I included a changeName function for the sake of showing that there isn’t anything that different about declaring functions on your viewmodel. As a matter of fact, we could have attached these to the viewmodel inside the constructor instead of defining them as fields, so an alternative syntax could seen below.

var CustomerViewModel = ViewModel.extend({
    init: function(name) {
        ViewModel.fn.init.call(this);

        this.name = name;
        this.changeName = function(newName) {
           ...
        }
    }
});

This would be more typical of JavaScript code, but coming from a OOP and C# background I prefer to see properties and functions “declared” on the object rather than attached inside the constructor. As the viewmodel grows in size you will not want your init function to be cluttered either.

Using your viewmodel

So, that’s it. A very easy way to take kendo’s observable and use prototype inheritance to create a viewmodel base, which results in a much better way to create and maintain viewmodels. This allows you to do all sorts of things and reuse code. You can derive viewmodels from viewmodels and create many different types from a common base type, and you have a consistent way to create them. To use your viewmodel, there isn’t anything different about that either; you still create your viewmodel and bind to it.

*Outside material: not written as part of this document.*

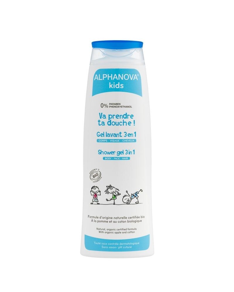 De Alphanova Kids Bio Shower Gel 3-in-1 is speciaal ontwikkeld voor de gevoelige huid van kinderen. Deze veelzijdige douchegel biedt een zachte reiniging voor gezicht, haar en lichaam. Verrijkt met biologische ingrediënten zoals aloë vera sap, kamille en zoete amandelolie, zorgt het voor een milde en hydraterende ervaring. De heerlijke zoete geur van vanille en abrikoos maakt het badderen tot een plezierige ervaring voor de kleintjes.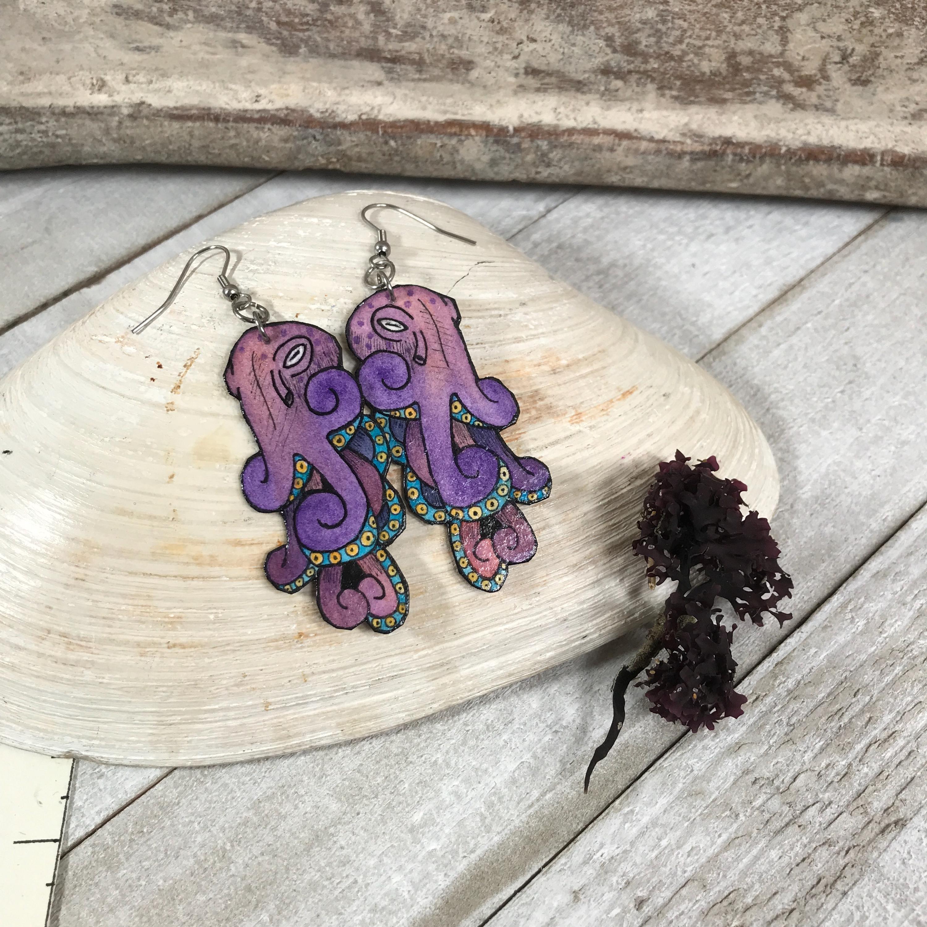 Purple Octopus Earrings

var viewModel = new CustomerViewModel("John Doe");

kendo.bind(document.body, viewModel);

Raising and subscribing to events

I mentioned that by extending ObservableObject that we get a trigger function. This is nice because this is how you will want to raise events from your viewmodel to notify the view of something that has occurred, or will occur. The changeName function demonstrates this by raising an event named namechange, but now you need to subscribe to this event so you can do something with it.

var viewModel = new CustomerViewModel("John Doe");

kendo.bind(document.body, viewModel);

viewModel.bind("namechange", function() {
    alert("name changed!");
});

Just as you would bind events using jQuery, extending ObservableObject also provides a bind method with almost identical syntax, and similar to subscribing to events with on. When an event with the specified name is raised, the callback function will be invoked and you can respond to that event. This seems simple and minute, but this is one of the most important features of your viewmodel that will help you keep it decoupled from your view.

Final Word

I hope this article helps you write better JavaScript and create better viewmodels working with kendo-ui. While a small thing, these possibilities make a major difference in large codebase’s. You can use the same approach to create a View class as well, which I might do an article on if time permits. Remember your design principles, and use the constructor to pass in dependencies (such as kendo, jQuery, or other JavaScript services) and you will find you can write testable, clean, and decoupled viewmodels just as you would using MVVM with something like WPF, or other MVVM frameworks. Lastly, remember you can derive directly from kendo.Class for the same capabilities for general purpose JavaScript classes that don’t need observable behaviors; maybe you just need constructors and a simple inheritance model.